Natalia Estemirova

Natalia Estemirova © 2007 Victoria Ivleva-Yorke

Two years ago on this day, the award-winning human rights activist and journalist Natalia Estemirova was found murdered after her abduction just outside her home in Grozny. At the time, she had been investigating “extremely sensitive” cases of human rights abuses in Chechnya. Although investigators said they learned the identity of the murderer, no one was ever apprehended. The case remains unsolved to this day. In October 2009, PEN joined a number of other human rights organizations to present Bearing Witness in Chechnya: The Legacy of Natalia Estemirova. At the event, two of Estemirova’s friends and colleagues reflected on her bravery and commitment to exposing the injustice she saw around her. Salman Rushdie read a moving story of hers, published in the independent newspaper Novaya Gazeta, about a defenseless elementary school teacher shot dead by Chechen soldiers.
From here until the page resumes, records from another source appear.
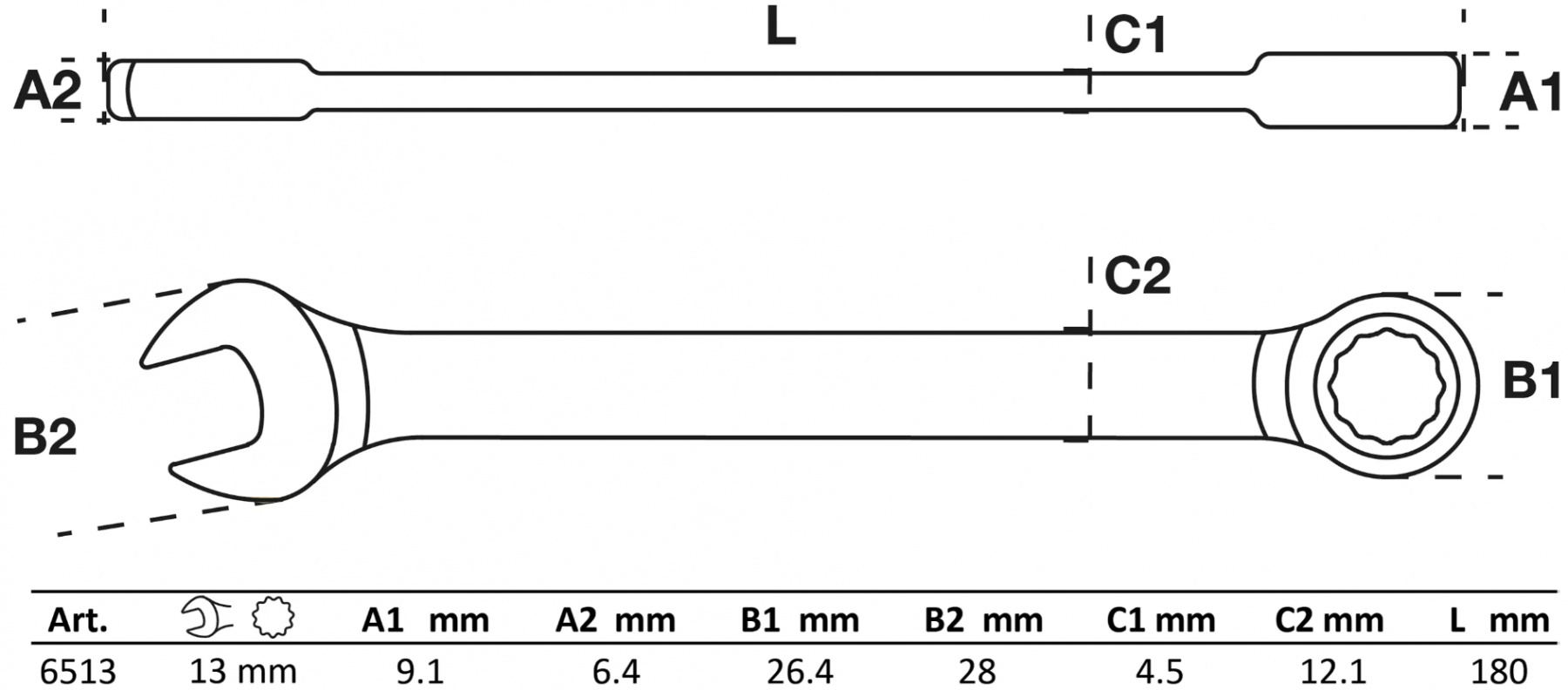 Raktas kombinuotas terkšlinis | 13 mm (6513)
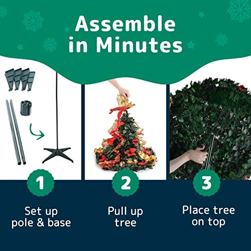 - EASY ASSEMBLY & STORAGE – Our tree can be assembled in seconds. Simply arrange the stand, place the tree atop it, drape to your taste and plug in. Holiday cheer in a snap.
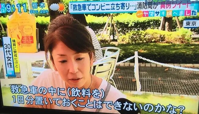 30多岁女性:赞成救急队员们应及时补充水分,但不赞成他们进便利店买水。不能在救护车里放够一天的饮用水吗?
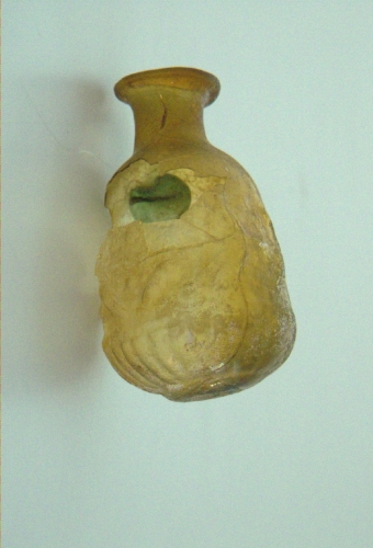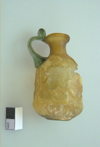 labbro estroflesso con orlo arrotondato e ripiegato all'interno; breve collo cilindrico;spalla arrotondata; corpo cilindrico con decorazione in rilievo costituita da una fascia centrale a foglie e frutti d'olivo,tra due coppie di linee anulari che la separano da due fasce decorate con costolature; fondo con piede a disco. Ansa a bastoncello, fusa a parte e applicata a caldo, impostata sulla spalla e fissata all'orlo con apofisi a bottone. Vetro giallo,trasparente. Ansa in vetro verde, trasparente.

And n + 1 editor Keith Gessen recounted the murder trial of Estemirova’s close friend Anna Politkovskaya; the suspects were eventually acquitted, and her case is likewise unsolved almost five years after the murder took place. Natalia Estemirova herself discussed her friend’s life and work with David Remnick soon after Politkovskaya’s death in 2006. A year later, when Estemirova was presented with the inaugural Anna Politkovskaya Award—intended to honor female human rights activists who speak out for victims of conflict in the face of great danger—the final lines of her acceptance speech read: “She is no more. Now it is up to us to continue her work.”